--- START ---
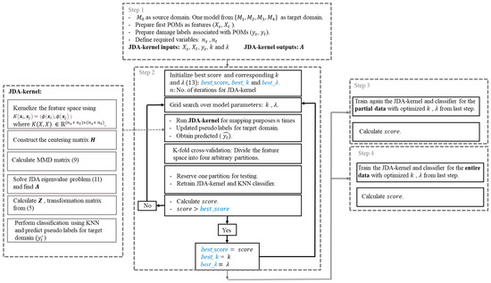 Cross-validation of the JDA–kernel algorithm was implemented using the k-fold method [39]. Four partitions were used, with one partition being reserved for cross-validation and training being carried out using the remaining three partitions. Hyperparameter tuning was also implemented using the grid search method [40] to find optimum values for the number of transferred components () and the regularization parameter () used in each simulation. Figure 3 details the TL process. As illustrated in the figure, the process consisted of four steps. Preparing features and defining source and target models were addressed in Step 1. JDA–kernel implementation, cross-validation, classifier training, and hyperparameter tuning were implemented in Step 2. In Steps 3 and 4, the JDA–kernel and classifier were reimplemented using partial data and entire data sets, respectively, from optimized parameters obtained in Step 2. The score in Step 3 and 4 represents the calculated mean accuracy of the JDA–kernel and classifier by applying the optimized parameters in the algorithm.
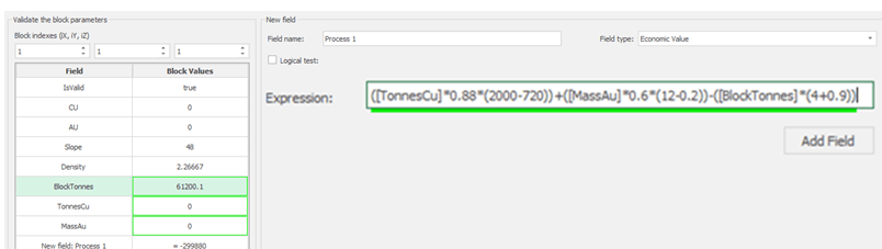 • Proceso de valor económico = ([TonnesCu]* 0.88 * (2000–720)) + ([MassAu] * 0.60 * (12 – 0.2)) – ([BlockTonnes] * (4.00 + 0.90))
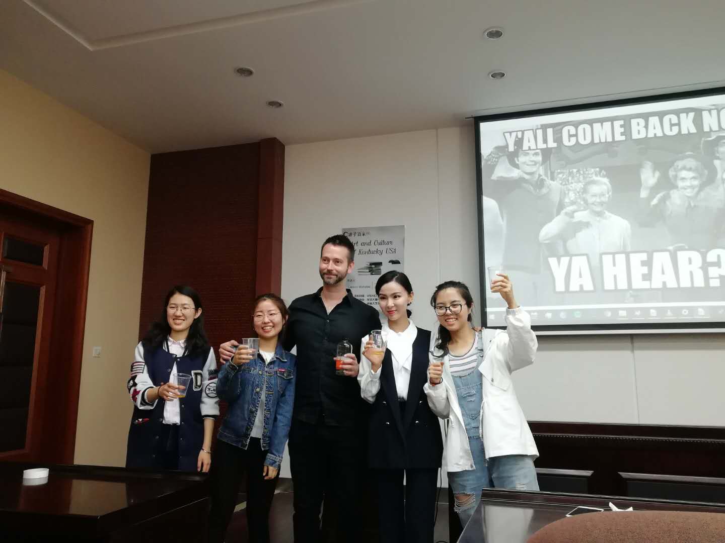 在交流问答环节,同学们积极与教授沟通,表现出了对肯塔基当地文化的兴趣,并认真提出自己的问题与困惑。Lennon教授根据自己所知,认真解答。现场气氛轻松活跃,会后也得到老师们的一致肯定。
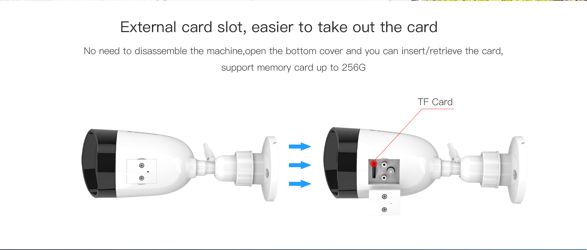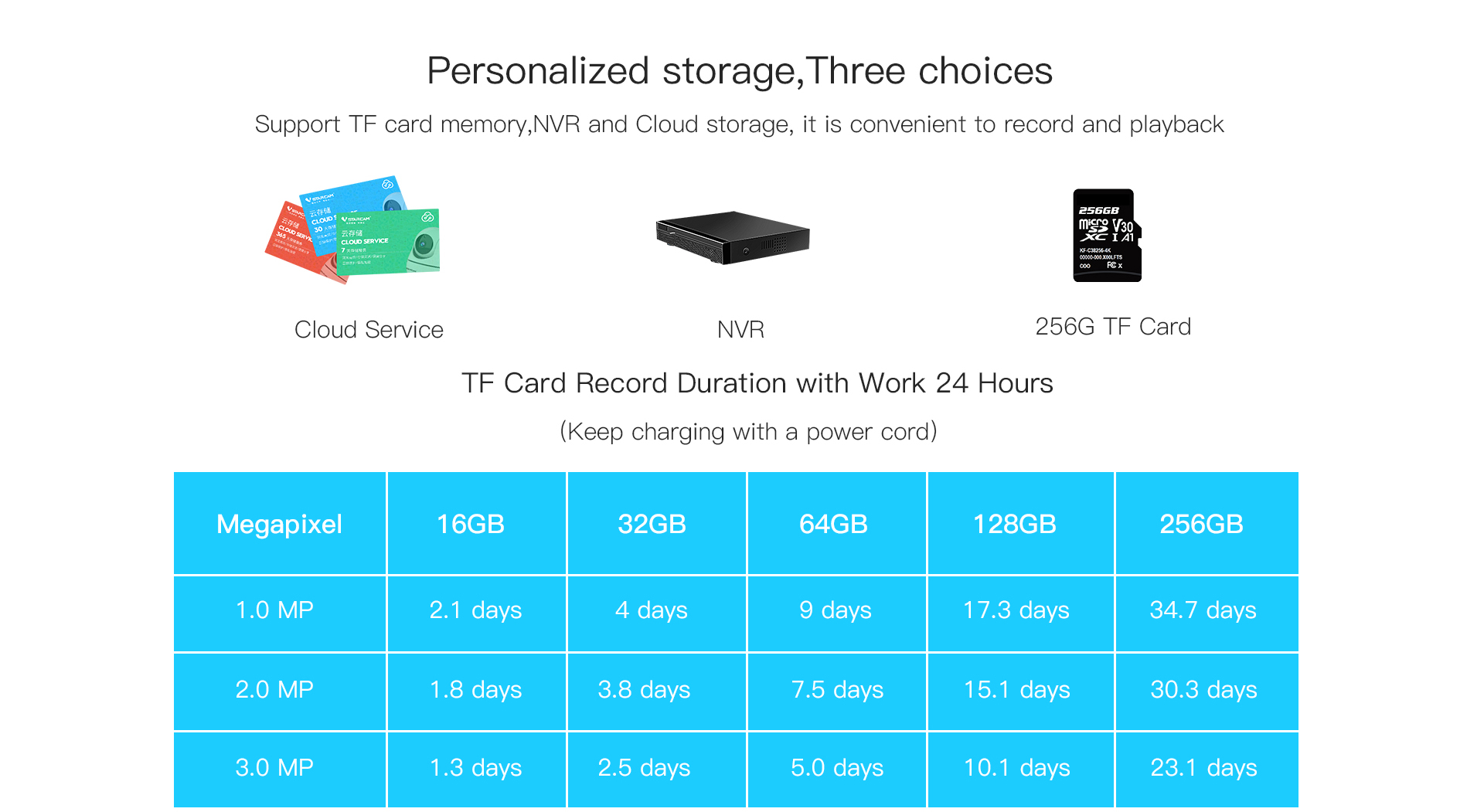 • [ Support Max 256G TF card & Cloud Service  & NVR] - Support max 256G TF card (card not included) storage and Cloud Service (not free) . The video loop record in TF card automatically. You can live-stream your footage or play back based on your preference (live-stream doesnot include audio). Cloud Service  will record motion detection happens. It records 24 hours on NVR.
--- END ---
• [ABOUT THIS TASK] Leave out the pictures and repeat exactly the lines from the start of the material through the line that contains "在交流问答环节,同学们积极与", both included.

• [RESPONSE]
 Cross-validation of the JDA–kernel algorithm was implemented using the k-fold method [39]. Four partitions were used, with one partition being reserved for cross-validation and training being carried out using the remaining three partitions. Hyperparameter tuning was also implemented using the grid search method [40] to find optimum values for the number of transferred components () and the regularization parameter () used in each simulation. Figure 3 details the TL process. As illustrated in the figure, the process consisted of four steps. Preparing features and defining source and target models were addressed in Step 1. JDA–kernel implementation, cross-validation, classifier training, and hyperparameter tuning were implemented in Step 2. In Steps 3 and 4, the JDA–kernel and classifier were reimplemented using partial data and entire data sets, respectively, from optimized parameters obtained in Step 2. The score in Step 3 and 4 represents the calculated mean accuracy of the JDA–kernel and classifier by applying the optimized parameters in the algorithm.
 • Proceso de valor económico = ([TonnesCu]* 0.88 * (2000–720)) + ([MassAu] * 0.60 * (12 – 0.2)) – ([BlockTonnes] * (4.00 + 0.90))
 在交流问答环节,同学们积极与教授沟通,表现出了对肯塔基当地文化的兴趣,并认真提出自己的问题与困惑。Lennon教授根据自己所知,认真解答。现场气氛轻松活跃,会后也得到老师们的一致肯定。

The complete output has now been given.